17. A method of neural network processing comprising training a
neural network using the method of claim 16.
18. A method of batch neural network processing by a neural network
processing system, the method including: receiving, at one or more
job dispatchers, one or more neural network processing jobs from
one or more job sources; assigning a respective job of the one or
more neural network processing jobs, by a load scheduler, to an
initiator coupled to an associated plurality of batch neural
network processors (BNNPs); assigning, by the initiator, the
respective job to at least one of its associated plurality of
BNNPs; and coupling, by the load scheduler, at least one of the one
or more job dispatchers with at least one BNNP via one or more
virtual communication channels to enable transfer of jobs, results,
or both jobs and results between the at least one of the one or
more job dispatchers and the at least one BNNP.
19. The method of claim 18, further including, upon notification to
the load scheduler of completion of a batch of jobs, terminating,
by the job dispatcher, at least one of the one or more virtual
communication channels based on status of other batches of jobs
sent to BNNPs.
20. The method of claim 18, further including, upon notification of
completion of a batch of jobs, terminating, by the load scheduler,
at least one of the one or more virtual communication channels
based on other job requests and availability of BNNPs to handle the
other job requests.
21. The method of claim 18, further including sending, by the job
dispatcher to an assigned BNNP, a partial batch of jobs over an
existing communication link if the BNNP is available and if filling
the batch will exceed a first threshold of time.
22. The method of claim 18, further including requesting, by the
job dispatcher, a BNNP for a partial batch of jobs if filling the
batch will exceed a second threshold of time, wherein the second
threshold of time is greater than the first threshold of time.
23. A memory medium containing software configured to run on at
least one processor and to cause the at least one processor to
implement operations corresponding to the method of claim 16.

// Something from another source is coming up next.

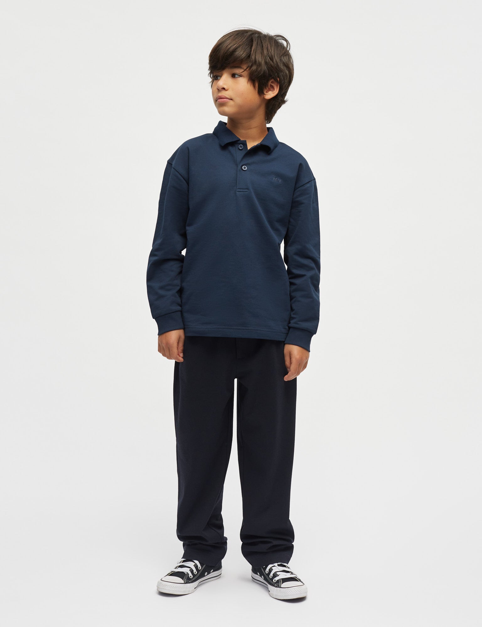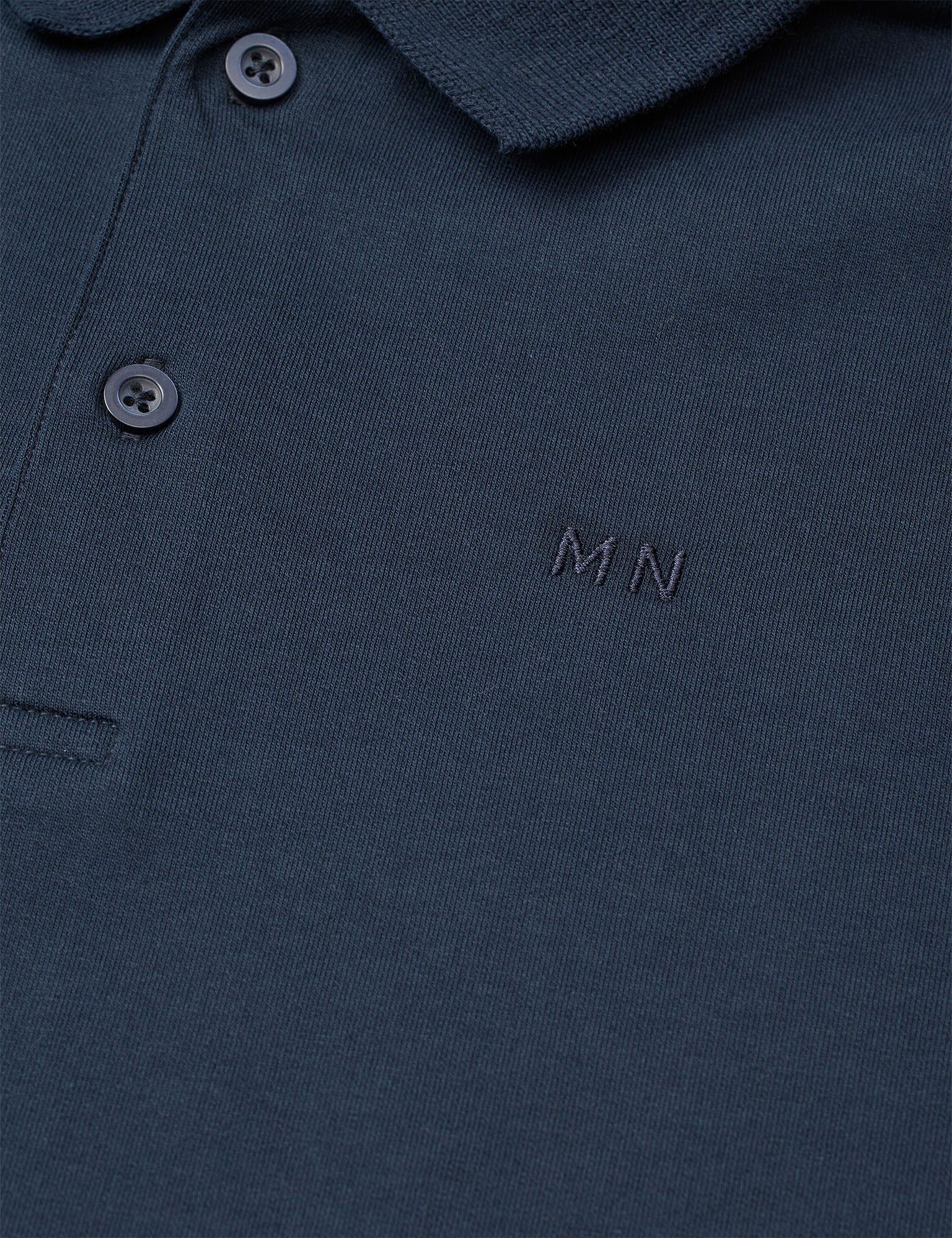 Langærmet polo med klassisk skjortekrave, to små knapper og broderede initialer på brystet.

24. A memory medium containing software configured to run on at
least one processor and to cause the at least one processor to
implement operations corresponding to the method of claim 18.
Description
CROSS-REFERENCE TO RELATED APPLICATION
[0001] This application is a non-provisional application claiming
priority to U.S. Provisional Patent Application No. 62/160,209,
filed on May 12, 2015, and incorporated by reference herein.
FIELD
[0002] Various aspects of the present disclosure may pertain to
various forms of neural network batch processing from custom
hardware architectures to multi-processor software implementations,
and parallel control of multiple job streams.
BACKGROUND
[0003] Due to recent optimizations, neural networks may be favored
as a solution for adaptive learning-based recognition systems. They
may currently be used in many applications, including, for example,
intelligent web browsers, drug searching, and voice and face
recognition.
[0004] Fully-connected neural networks may consist of a plurality
of nodes, where each node may process the same plurality of input
values and produce an output, according to some function of its
input values. The functions may be non-linear, and the input values
may be either primary inputs or outputs from internal nodes. Many
current applications may use partially- or fully-connected neural
networks, e.g., as shown in FIG. 1. Fully-connected neural networks
may consist of a plurality of input values 10, all of which may be
fed into a plurality of input nodes 11, where each input value of
each input node may be multiplied by a respective weight 14. A
function, such as a normalized sum of these weighted inputs, may
outputted from the input nodes 11 and may be fed to all nodes in
the next layer of "hidden" nodes 12, all of which may subsequently
feed the next layer of "hidden" nodes 16. This process may continue
until each node in a layer of "hidden" nodes 16 may feed a
plurality of output nodes 13, whose output values 15 may indicate a
result of some pattern recognition, for example.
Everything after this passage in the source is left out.